Actors from failed ABC Family shows try to make a scary movie
Is your holiday weekend packed full with previous engagements with Netflix and desperately searching Hillcrest racks for something that could pass as a costume, but you still want to watch all of the classic Halloween horror movies? Good news, reader. You have the unique opportunity to witness every overdone, stereotypical horror movie trope in just 89 minutes. All you have to do is be willing to waste an hour’s worth of Work Study money on Ouija.
Although the flick was likely designed to be consumed by members of Generation Z dropped off at the theater by their moms, it is also likely that it was penned by those same 15 year olds. The plot was undoubtedly the film’s biggest downfall, as it was ridden with a “classic” horror movie plotline so tired you would think it had a 7:45 morning class.
The movie opens with a childhood flashback of doe-eyed BFFs playing with an Ouija board and planchette, tools used to supposedly contact the dead. Flash forward ten years, and the two girls are now doe-eyed teenagers meddling in the spirit world yet again. In the trailer, Laine, played by Olivia Cooke—otherwise known as the girl with the oxygen tank in Bates Motel—unexpectedly says goodbye to her best friend, Debbie (Shelley Hennig) when she is found dead in her home. Spoiler alert: a crazy spirit summoned by the board is responsible.

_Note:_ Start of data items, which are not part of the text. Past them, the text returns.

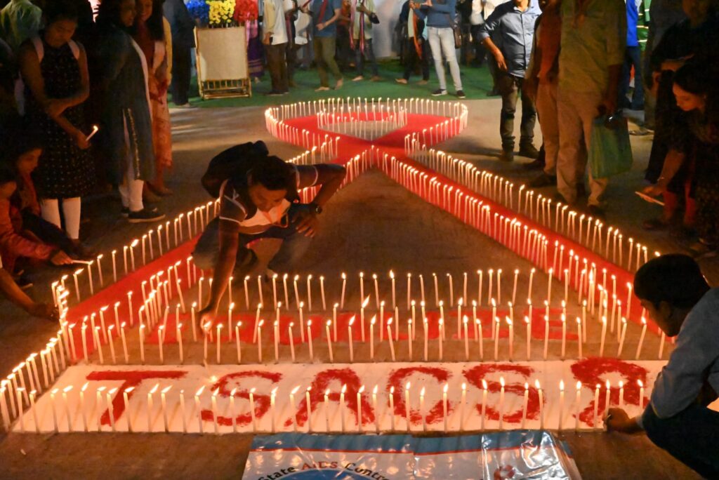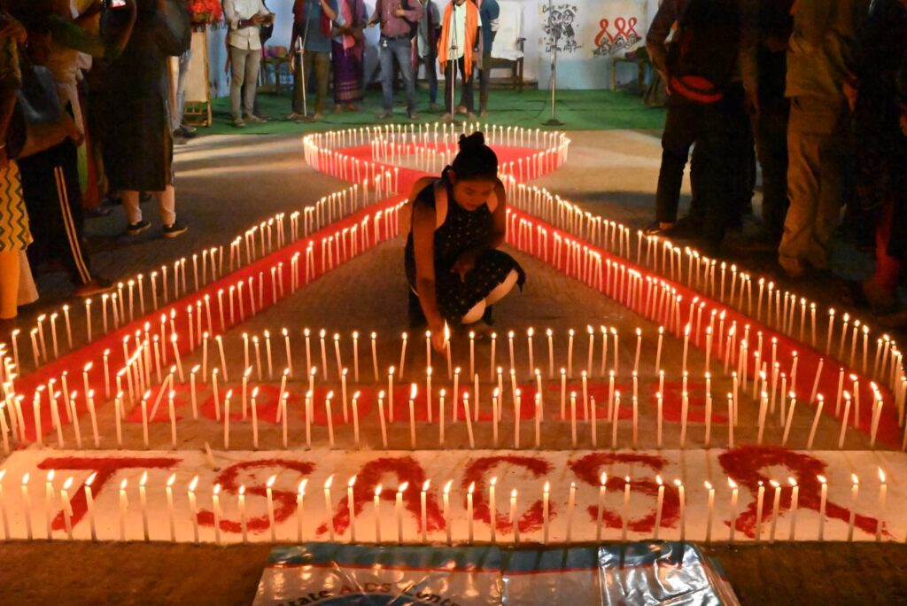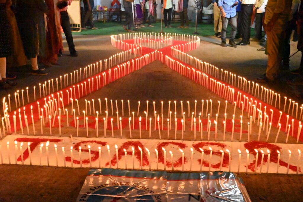 Volunteers light candles making a formation of the red ribbon used to spread awareness and extend solidarity towards people living with AIDS on the eve of World AIDS Day in Agartala on Wednesday, (30th November, 2022).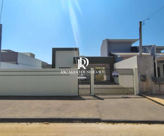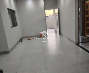 Casa nova de alvenaria, contendo: 1 suíte, 2 quartos, bainheiro social, sala e cozinha conjugada, lavanderia, garagem para 2 carros, e quintal na frente e nos fundos com grama. Acabamentos com piso em porcelanato, portas internas de madeira, porta principal de lambri, forro em gesso. Aceita proposta, aceita financiamento.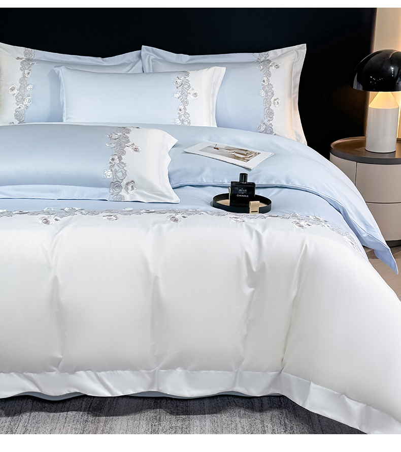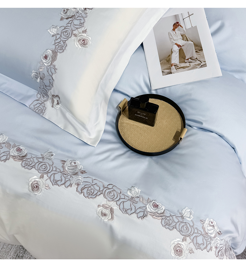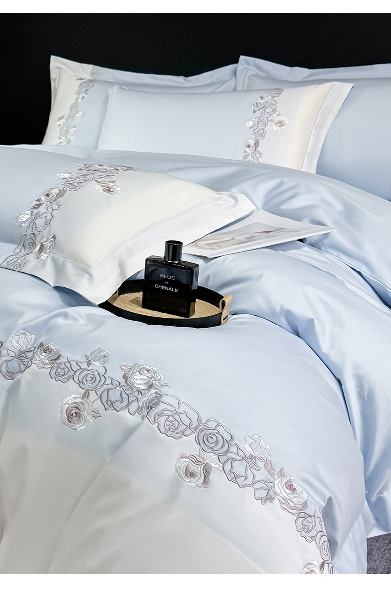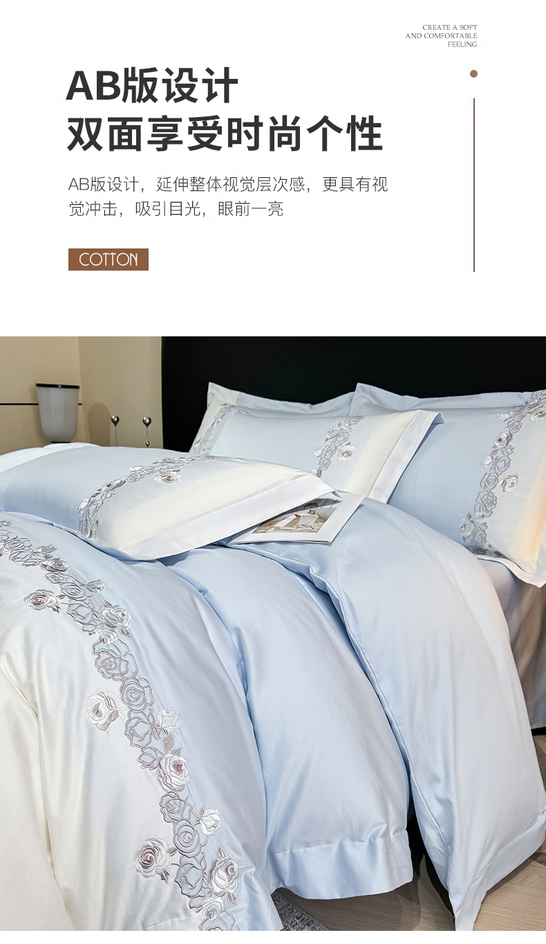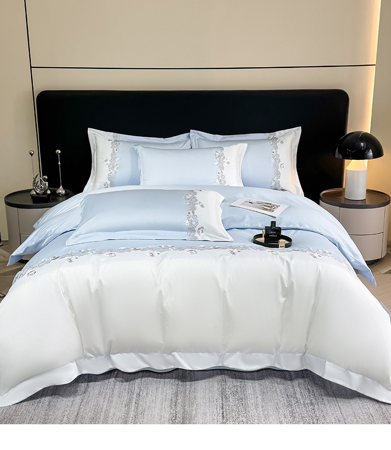 KA家纺 2025春夏新款全棉绣花四件套 初见系列 初见天空蓝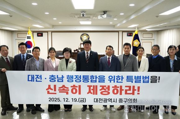 대전 중구의회는 결의문을 통해 ▲이미 제출된 특별법의 조속한 심의·의결 ▲형식적 논의가 아닌 실질적인 행정통합 실행 방안 마련 ▲재정 분권과 자치 권한 확대를 포함한 실질적 특례 제공을 강력히 요구했다.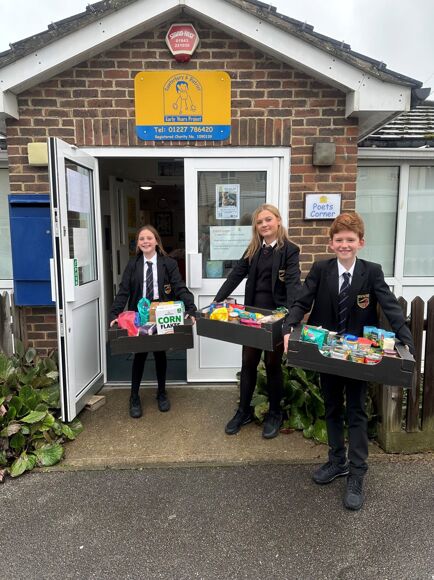 On Monday (14th October), Henry, Grace and Morgan-Rose from Kingsgate House accompanied Mrs Treacher and Mr Buchanan to deliver our donations to their distribution centre. The donations were gratefully received by the food bank staff and will be used to support many families who are struggling within the Canterbury district.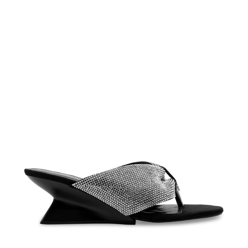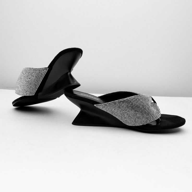Añade un toque de glamour a tu look con esta sandalia negra de diseño sofisticado. Sus increíbles cintas centrales adornadas con brillos le dan un acabado elegante y llamativo, ideal para ocasiones especiales o para elevar tu estilo diario. Su tacón bajo brinda la comodidad perfecta para usarla durante todo el día sin renunciar a la sofisticación. Ligera, versátil y con un ajuste seguro, esta sandalia es el complemento ideal para lucir con confianza y estilo en cualquier momento.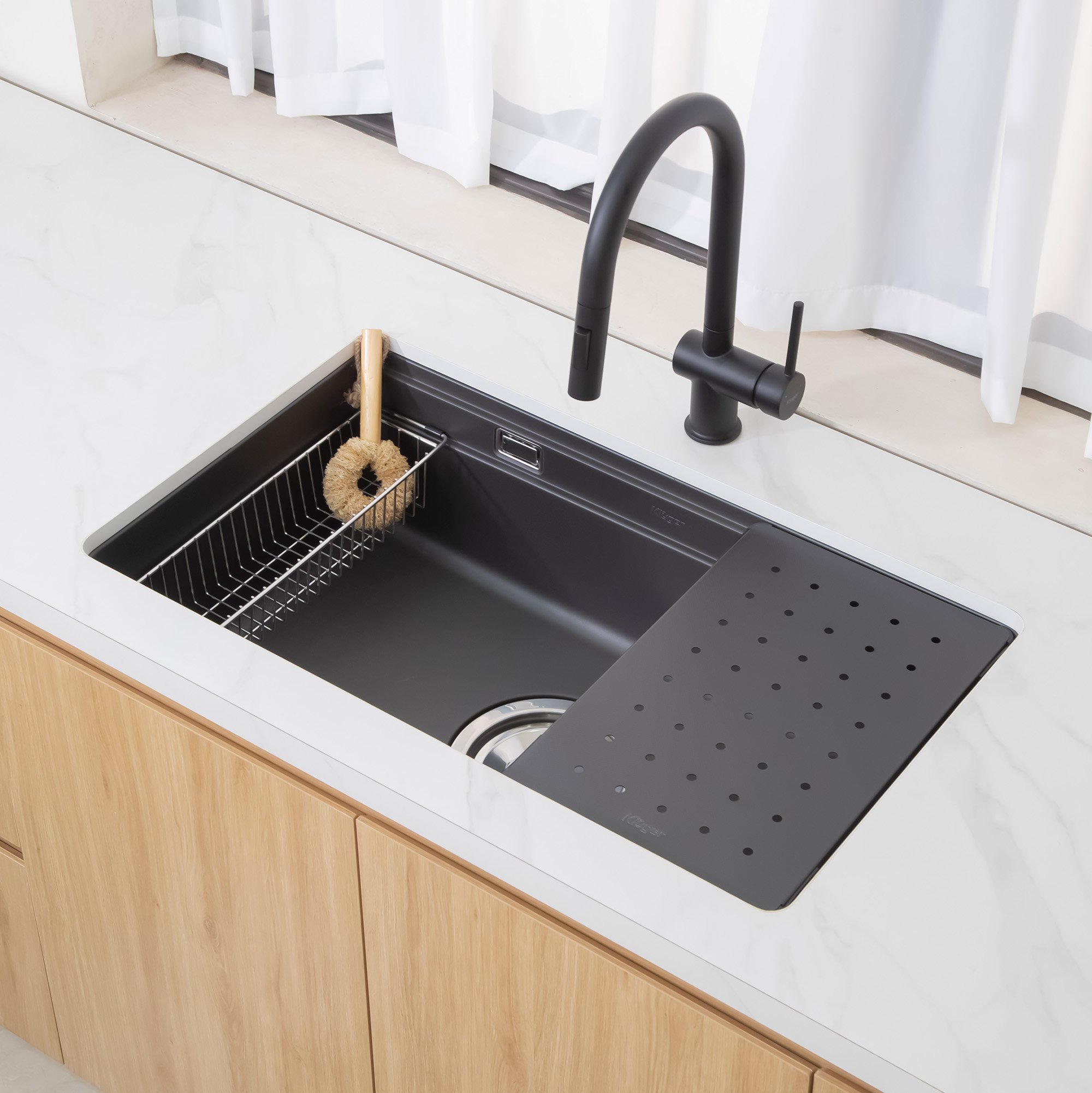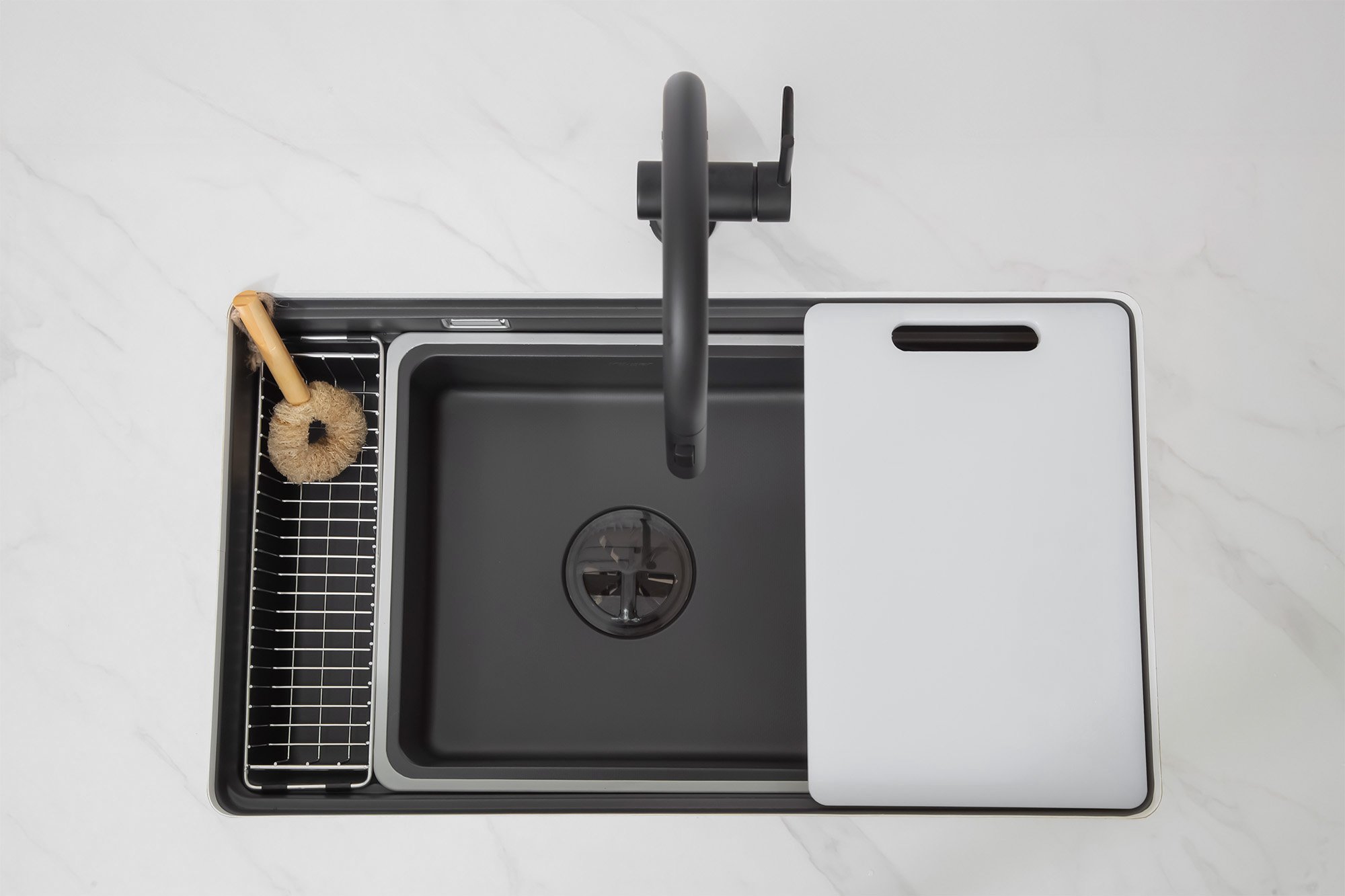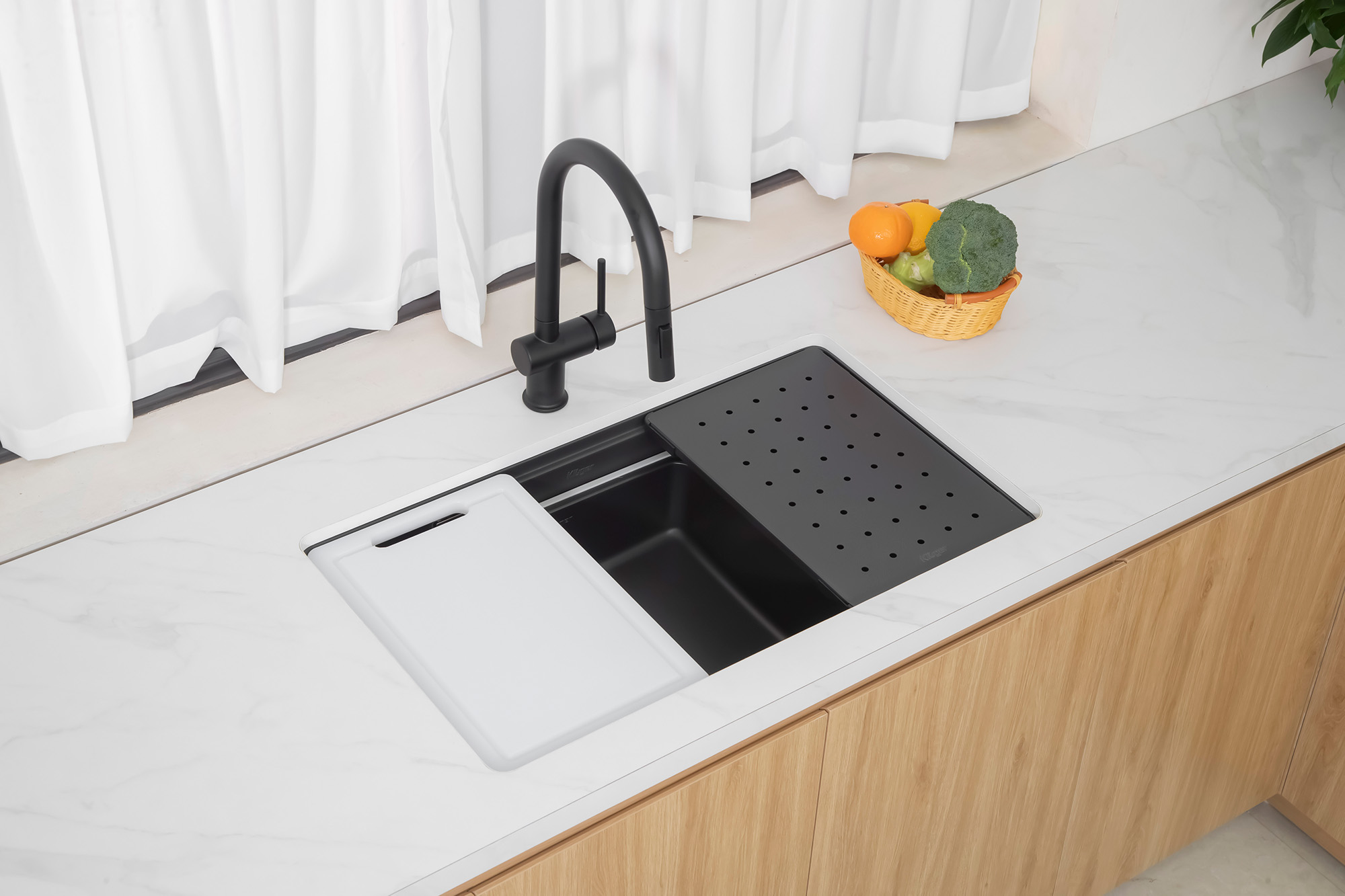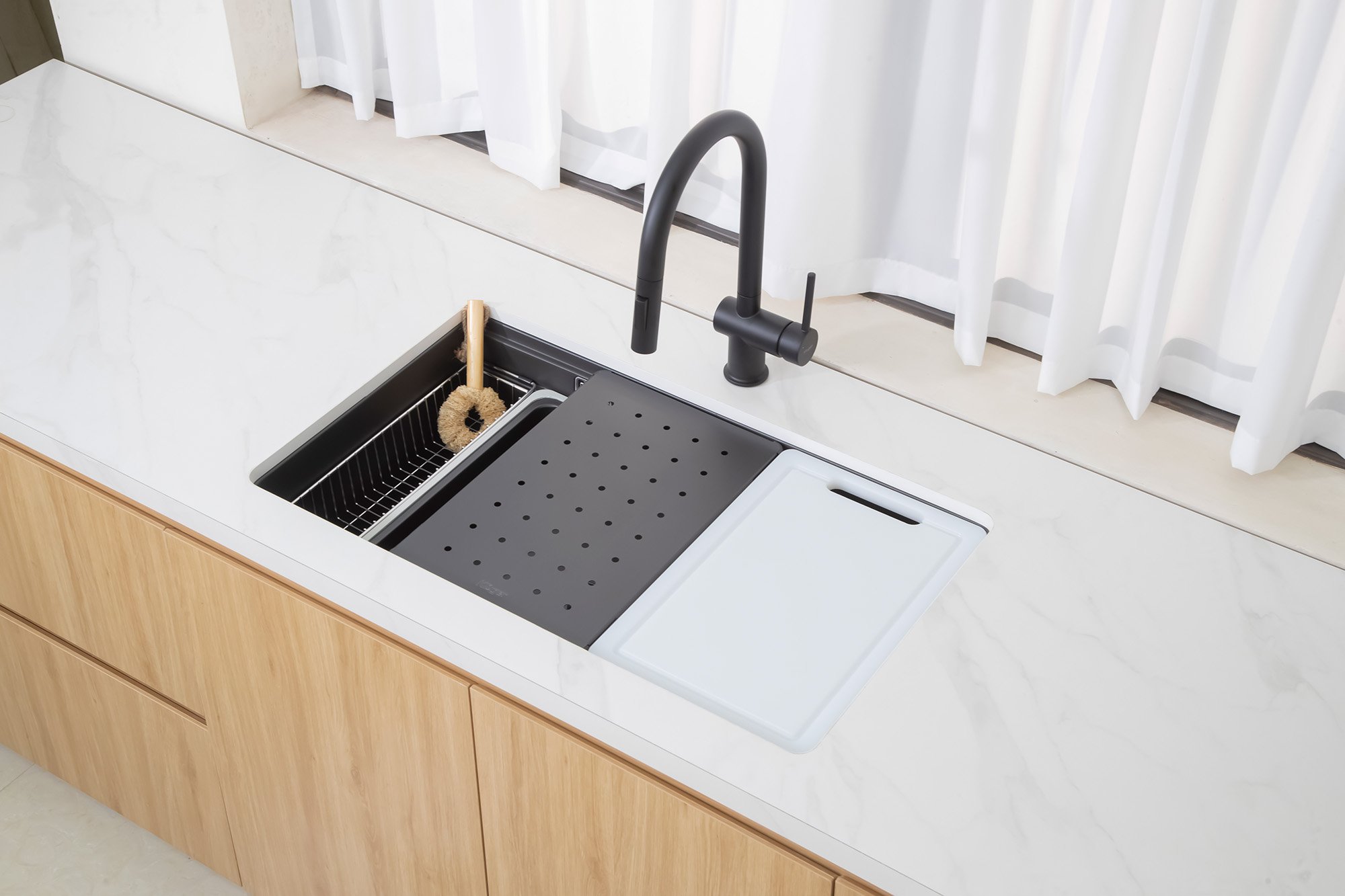 Thiết kế đường ray để tích hợp nhiều phụ kiện đồng bộ như giỏ đựng inox 304, thớt nhựa cao cấp, rổ lọc hay khay úp đồ. Sự kết hợp này mang đến giải pháp đa chức năng, giúp người dùng dễ dàng sơ chế, rửa và sắp xếp gọn gàng ngay trong cùng một không gian.

The memorial service for Debbie brings all of the players of the scary movie formula center-stage: Generic Jock Boyfriend (Daren Kagasoff), Brooding Leather Jacket Wearer (Douglas Smith) Overworked Waitress at the Local Diner Just Ready to Escape This Small Town Life (Bianca A. Santos) and Alternative Teenage Rebel Little Sister Who Has Headphones on for, Like the Whole Movie (Ana Coto). This group of friends is set on getting to the bottom of their friend’s suicide, and they will traverse the trope-o-verse to do it. As you waste away in your theater seat, the walking, talking angst masquerading as a group of actors onscreen will: nonsensically turn off all the lights when they are home alone, blame suspiciously-open doors on the wind, attempt to make flossing scary, buy into stereotypes about persons with mental illnesses, rely on a minority grandmother figure to fill major plot holes by offering timely “spiritual guidance” and offer to house sit in the place their friend died two days prior. The most entertaining part of my Ouija experience was the jeering-at-the-screen of my fellow movie-goers for the most annoying characters to “just die already”. In defense of the young cast, they tried their darndest. After all, you can only do so much when a director hands you a script that features lines like, “Nah, I’m going to stay in tonight. I’ve got some leftovers; I’m gonna rock it.”